If we establish the existence of a mineral reserve on any of our properties in a commercially exploitable quantity, we will require additional capital in order to develop the property into a producing mine. If we cannot raise this additional capital, we will not be able to exploit the reserve, and our business could fail.
If we do discover mineral reserves in commercially exploitable quantities on any of our properties, we will be required to expend substantial sums of money to establish the extent of the reserve, develop processes to extract it, and develop extraction and processing facilities and infrastructure. There can be no assurance that a mineral reserve will be large enough to justify commercial operations, nor can there be any assurance that we will be able to raise the funds required for development on a timely basis. If we cannot raise the necessary capital or complete the necessary facilities and infrastructure, our business may fail.
Land reclamation requirements for our properties may be burdensome and expensive.
Although variable depending on location and the governing authority, land reclamation requirements are generally imposed on mineral exploration companies (as well as companies with mining operations) in order to minimize long-term effects of land disturbance. Reclamation may include requirements to control dispersion of potentially deleterious effluents and re-establish pre-disturbance landforms and vegetation.
In order to carry out reclamation obligations imposed on us in connection with our potential development activities, we must allocate financial resources that might otherwise be spent on further exploration and development programs. We plan to set up a provision for our reclamation obligations on our properties, as appropriate, but this provision may not be adequate. If we are required to carry out unanticipated reclamation work, our financial position could be adversely affected.
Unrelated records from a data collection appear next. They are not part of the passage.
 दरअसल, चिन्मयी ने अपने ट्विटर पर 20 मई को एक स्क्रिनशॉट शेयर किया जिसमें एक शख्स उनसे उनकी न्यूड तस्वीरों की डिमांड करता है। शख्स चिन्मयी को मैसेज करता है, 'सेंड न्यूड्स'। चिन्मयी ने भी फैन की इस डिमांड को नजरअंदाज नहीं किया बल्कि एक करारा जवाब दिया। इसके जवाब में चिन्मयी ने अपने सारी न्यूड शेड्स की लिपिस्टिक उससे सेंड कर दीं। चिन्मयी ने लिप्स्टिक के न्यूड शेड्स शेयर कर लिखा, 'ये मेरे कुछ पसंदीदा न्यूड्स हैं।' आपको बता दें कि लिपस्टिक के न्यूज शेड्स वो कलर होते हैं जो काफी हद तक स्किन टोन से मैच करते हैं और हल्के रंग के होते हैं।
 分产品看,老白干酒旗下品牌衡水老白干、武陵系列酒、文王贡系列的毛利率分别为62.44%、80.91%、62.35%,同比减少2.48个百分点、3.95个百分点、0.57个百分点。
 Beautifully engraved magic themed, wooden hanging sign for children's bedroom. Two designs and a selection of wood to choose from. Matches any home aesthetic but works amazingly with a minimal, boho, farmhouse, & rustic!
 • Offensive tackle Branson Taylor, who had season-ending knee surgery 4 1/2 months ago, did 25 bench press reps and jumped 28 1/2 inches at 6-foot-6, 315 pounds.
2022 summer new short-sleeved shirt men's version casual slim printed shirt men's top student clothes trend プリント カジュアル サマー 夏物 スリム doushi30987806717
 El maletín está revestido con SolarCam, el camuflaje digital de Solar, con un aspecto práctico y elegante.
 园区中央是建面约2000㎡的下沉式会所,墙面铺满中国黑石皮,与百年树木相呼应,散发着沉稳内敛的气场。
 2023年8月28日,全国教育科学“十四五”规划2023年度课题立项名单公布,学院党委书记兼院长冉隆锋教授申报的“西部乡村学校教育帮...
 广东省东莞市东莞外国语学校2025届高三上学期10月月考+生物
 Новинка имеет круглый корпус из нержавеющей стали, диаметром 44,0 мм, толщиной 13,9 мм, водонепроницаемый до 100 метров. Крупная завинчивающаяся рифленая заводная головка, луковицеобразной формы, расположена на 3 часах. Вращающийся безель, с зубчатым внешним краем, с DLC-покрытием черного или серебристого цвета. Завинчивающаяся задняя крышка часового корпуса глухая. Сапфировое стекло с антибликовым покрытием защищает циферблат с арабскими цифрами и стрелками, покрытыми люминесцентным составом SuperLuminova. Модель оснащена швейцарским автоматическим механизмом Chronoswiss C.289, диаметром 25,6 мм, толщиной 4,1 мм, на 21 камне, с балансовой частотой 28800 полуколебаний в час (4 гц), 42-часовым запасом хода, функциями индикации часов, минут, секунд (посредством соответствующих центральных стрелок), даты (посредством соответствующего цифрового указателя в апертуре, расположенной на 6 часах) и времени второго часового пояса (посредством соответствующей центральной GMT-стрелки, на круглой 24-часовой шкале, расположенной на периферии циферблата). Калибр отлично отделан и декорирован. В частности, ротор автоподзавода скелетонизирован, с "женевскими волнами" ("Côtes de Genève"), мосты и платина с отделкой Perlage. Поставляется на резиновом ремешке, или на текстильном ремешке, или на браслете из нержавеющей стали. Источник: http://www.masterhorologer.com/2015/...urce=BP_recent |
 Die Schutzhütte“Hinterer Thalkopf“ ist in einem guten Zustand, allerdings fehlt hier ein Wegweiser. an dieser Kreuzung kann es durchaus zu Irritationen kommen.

Estimates of mineralized material are subject to evaluation uncertainties that could result in project failure.
Our exploration and future mining operations, if any, are and would be faced with risks associated with being able to accurately predict the quantity and quality of mineralized material within the earth using statistical sampling techniques. Estimates of any mineralized material on any of our properties would be made using samples obtained from appropriately placed trenches, test pits, and underground workings and intelligently designed drilling. There is an inherent variability of assays between check and duplicate samples taken adjacent to each other and between sampling points that cannot be reasonably eliminated. Additionally, there also may be unknown geologic details that have not been identified or correctly appreciated at the current level of accumulated knowledge about our properties. This could result in uncertainties that cannot be reasonably eliminated from the process of estimating mineralized material. If these estimates were to prove to be unreliable, we could implement an exploitation plan that may not lead to commercially viable operations in the future.
Joint ventures and other partnerships in relation to our properties may expose us to risks.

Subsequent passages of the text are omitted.